If you love breakfast, you gotta love pancakes!
When I want to indulge in a hearty, filling breakfast, I whip up a stack of pancakes in the kitchen (and inevitably share some with Brownie, my 17-year old poodle. He loves anything made of flour and/or bananas).
I typically avoid refined white flours in baked goods whenever possible. Instead, I go for whole-wheat flour, buckwheat flour or even spelt flour for an earthy, nutty taste. This way, the body is better nourished and stays full for a longer time. Keep to this simple 1:1 ratio whenever you make pancakes, and you’ll be setting yourself up for some praises!

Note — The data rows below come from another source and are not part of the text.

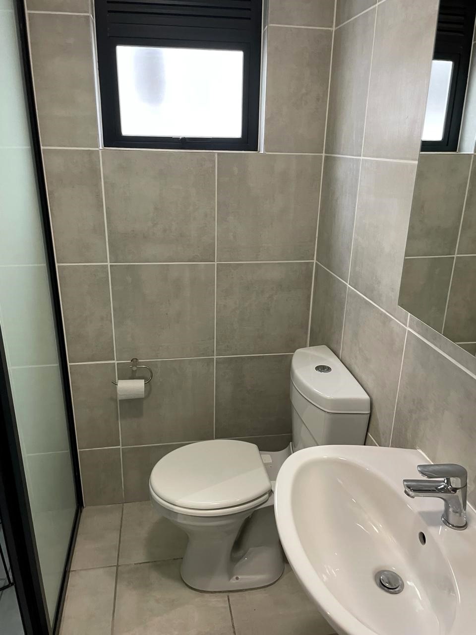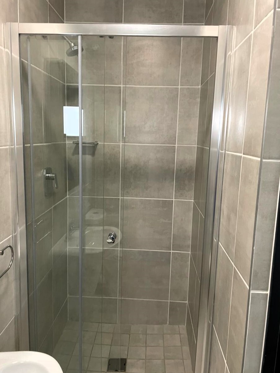 The bedroom, adorned with tasteful tiling and ample built-in cupboards, boasts an En-Suite bathroom with a modern shower creating a comfortable haven for rest and rejuvenation.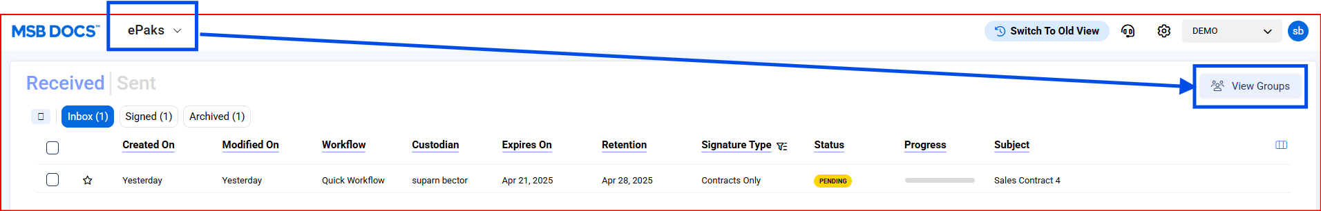 As a custodian, you will have access to view your Groups and the ePaks associated with it. Click on ePaks on the Dashboard and you will see an option to ‘View Groups’.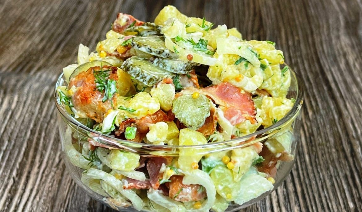 Šių salotų žavesys – kontrastai. Švelnios bulvės susilieja su traškia šonine, o agurkų rūgštelė balansuoja riebesnį padažą. Česnakas suteikia aromato, o krapai – lengvumo.

1 cup flour (I use organic whole-wheat flour here)
1 cup plant milk (oat, almond, rice or hazelnut milk)
1 large egg (separate egg yolk from egg white)
1 tsp baking powder
Pinch of salt
Homemade raspberry jam
Organic honey/maple syrup
Other options – fresh fruits, nuts, seeds, coconut flakes
1. In a bowl, combine all ingredients (except egg white) and mix until batter is smooth.
2. In a separate bowl, whisk egg white to stiff peaks and gently fold into the batter. Do not overwork the mixture.
3. Using a ladle, scoop the batter and pour into a lightly-oiled pan over medium heat. When bubbles start to form on the surface, flip the pancake over.
4. Pancakes are ready when they turn golden brown. Go nuts with the toppings, stack ’em like a champ, serve and enjoy!